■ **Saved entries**
***

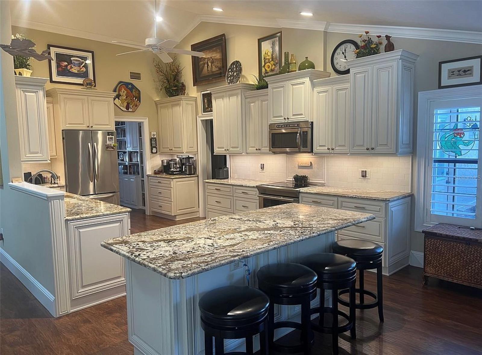 Descubra esta encantadora casa no coração de SE Ocala, perfeitamente situada em um espaçoso terreno de esquina de quase 1/2 acre. Esta propriedade convidativa possui 3 quartos, 2 banheiros completos e um conveniente lavabo, tornando-a ideal para famílias e convidados. Entre em uma planta aberta que conecta perfeitamente as áreas de estar, jantar e cozinha, aprimorada por tetos de catedral que fazem este espaço parecer aberto e iluminado. A cozinha atualizada possui eletrodomésticos modernos, bancadas elegantes e uma despensa ampla. A ampla sala de estar e sala de jantar são ideais para entretenimento. As portas francesas levam você para fora da área de jantar até uma varanda nos fundos, onde você pode relaxar e desfrutar da vista da piscina, perfeita para relaxar e se divertir ao ar livre. Ao lado da cozinha, uma versátil sala de bônus oferece infinitas possibilidades, quer você precise de uma biblioteca aconchegante, de um escritório produtivo ou de uma área de estar adicional. O amplo quarto principal serve como retiro, completo com um amplo closet e banheiro privativo para maior conforto. A lavanderia foi cuidadosamente projetada com espaço extra no armário, pia e geladeira extra, tornando as tarefas diárias mais convenientes. A garagem para 2 carros inclui uma oficina anexa, que também poderá ser utilizada como espaço extra de arrumação. Esta casa tem excelentes recursos adicionais, como telhado novo (2022), sistema de irrigação, aquecedor de água sem tanque e gerador para toda a casa. Situada num bairro tranquilo e bem estabelecido, esta casa oferece privacidade e um sentido de comunidade. Esta bela propriedade combina comodidades modernas com um ambiente sereno, tornando-a um achado raro. Não perca a chance de fazer desta sua casa para sempre!
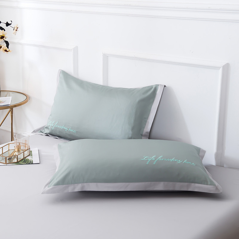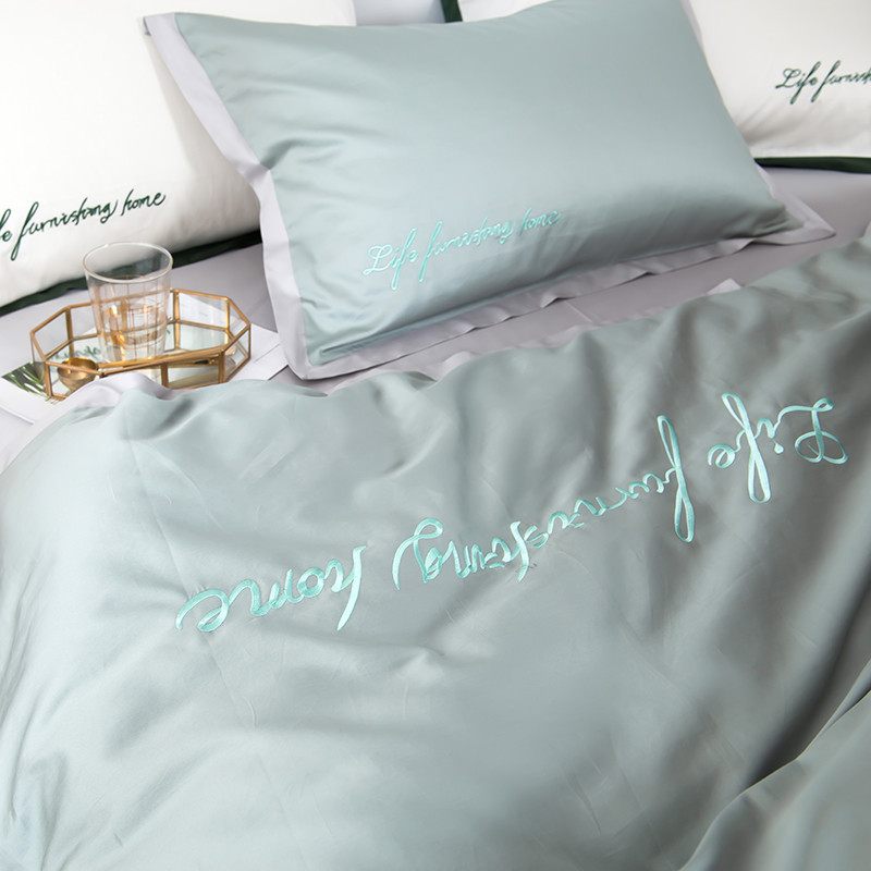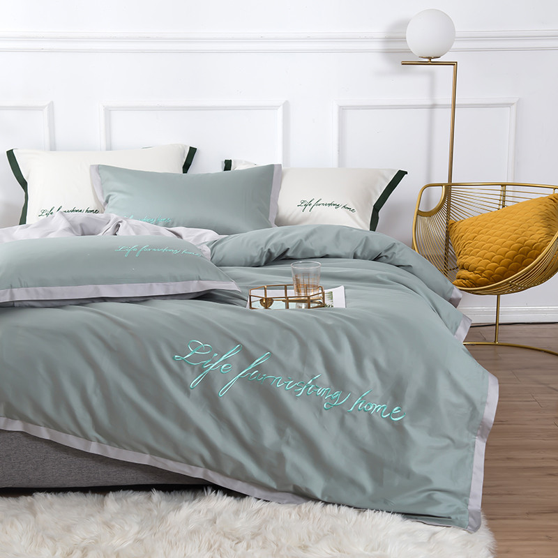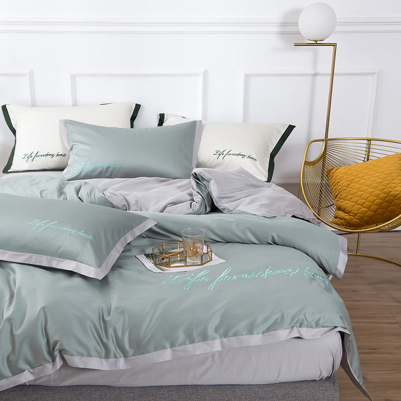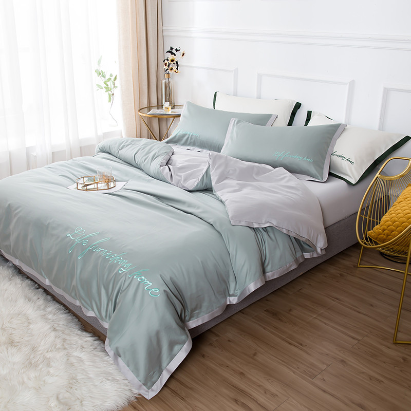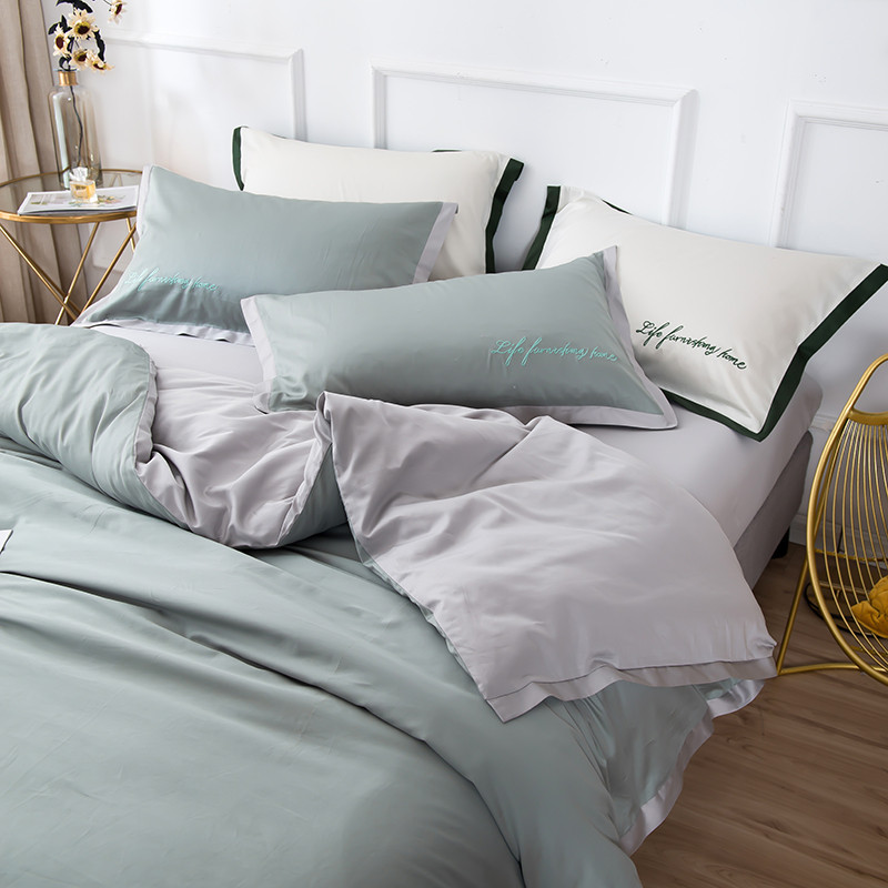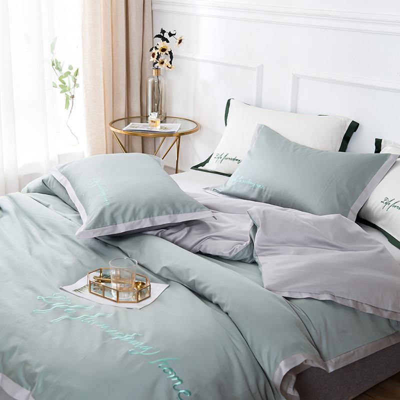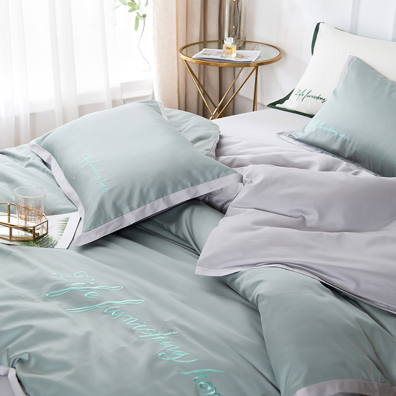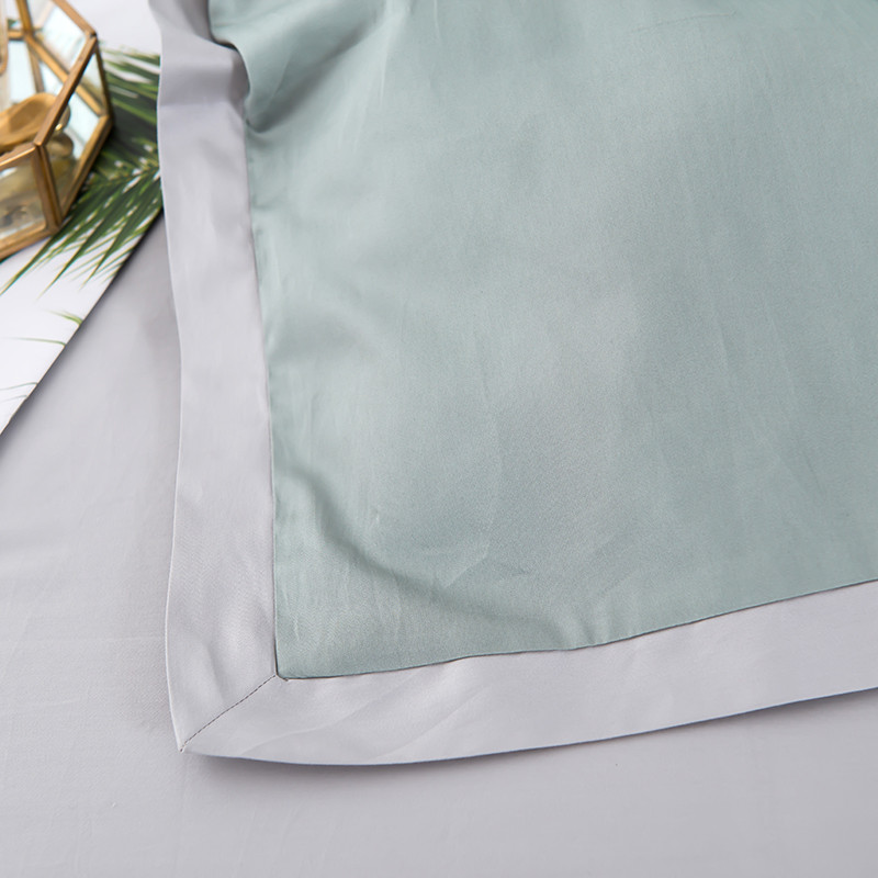 太古汇 60支贡缎长绒棉纯色双拼四件套棚拍图 薄荷绿
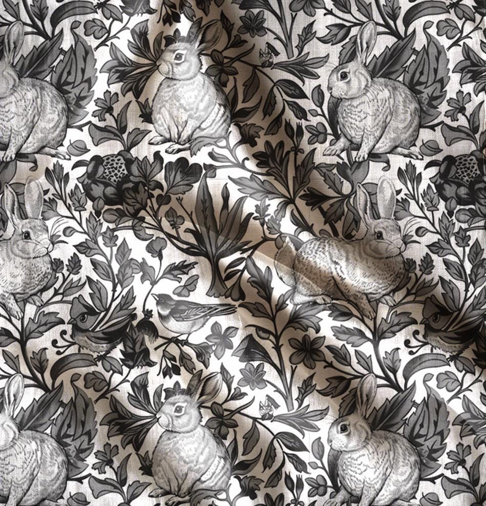 Discover the elegance of our 100% Linen Fabric featuring an aRabbit print on white linen. This contemporary print harmoniously blends artistry and sophistication, making it a perfect choice for a range of applications, from upholstery to drapery.
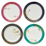 Sara Miller presents this beautiful 12 piece dinner set from the Chelsea collection. This colourful and stylish dinner set has been created from fine china and features 22-carat gold accents which enables you to build an intricate dining setting. Each plate and bowl has a different design and colour, featuring birds on luxurious golden branches and the colour tones of each draw on inspiration from around the world, making this a perfect gift for new homeowners or even just to upgrade your own personal collection.
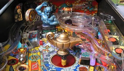 - Battle Evil Genie To Rescue Princess: Spell G-E-N-I-E to light LOCKS and the pinball vanishes below playfield into the Bazaar then reappears to begin 3-ball multi-ball.

***

■ **EXERCISE OBJECTIVE**
Each record should be printed exactly as it appears, leaving the pictures out.

■ **YOUR SOLUTION**
 Descubra esta encantadora casa no coração de SE Ocala, perfeitamente situada em um espaçoso terreno de esquina de quase 1/2 acre. Esta propriedade convidativa possui 3 quartos, 2 banheiros completos e um conveniente lavabo, tornando-a ideal para famílias e convidados. Entre em uma planta aberta que conecta perfeitamente as áreas de estar, jantar e cozinha, aprimorada por tetos de catedral que fazem este espaço parecer aberto e iluminado. A cozinha atualizada possui eletrodomésticos modernos, bancadas elegantes e uma despensa ampla. A ampla sala de estar e sala de jantar são ideais para entretenimento. As portas francesas levam você para fora da área de jantar até uma varanda nos fundos, onde você pode relaxar e desfrutar da vista da piscina, perfeita para relaxar e se divertir ao ar livre. Ao lado da cozinha, uma versátil sala de bônus oferece infinitas possibilidades, quer você precise de uma biblioteca aconchegante, de um escritório produtivo ou de uma área de estar adicional. O amplo quarto principal serve como retiro, completo com um amplo closet e banheiro privativo para maior conforto. A lavanderia foi cuidadosamente projetada com espaço extra no armário, pia e geladeira extra, tornando as tarefas diárias mais convenientes. A garagem para 2 carros inclui uma oficina anexa, que também poderá ser utilizada como espaço extra de arrumação. Esta casa tem excelentes recursos adicionais, como telhado novo (2022), sistema de irrigação, aquecedor de água sem tanque e gerador para toda a casa. Situada num bairro tranquilo e bem estabelecido, esta casa oferece privacidade e um sentido de comunidade. Esta bela propriedade combina comodidades modernas com um ambiente sereno, tornando-a um achado raro. Não perca a chance de fazer desta sua casa para sempre!
 太古汇 60支贡缎长绒棉纯色双拼四件套棚拍图 薄荷绿
 Discover the elegance of our 100% Linen Fabric featuring an aRabbit print on white linen. This contemporary print harmoniously blends artistry and sophistication, making it a perfect choice for a range of applications, from upholstery to drapery.
 Sara Miller presents this beautiful 12 piece dinner set from the Chelsea collection. This colourful and stylish dinner set has been created from fine china and features 22-carat gold accents which enables you to build an intricate dining setting. Each plate and bowl has a different design and colour, featuring birds on luxurious golden branches and the colour tones of each draw on inspiration from around the world, making this a perfect gift for new homeowners or even just to upgrade your own personal collection.
 - Battle Evil Genie To Rescue Princess: Spell G-E-N-I-E to light LOCKS and the pinball vanishes below playfield into the Bazaar then reappears to begin 3-ball multi-ball.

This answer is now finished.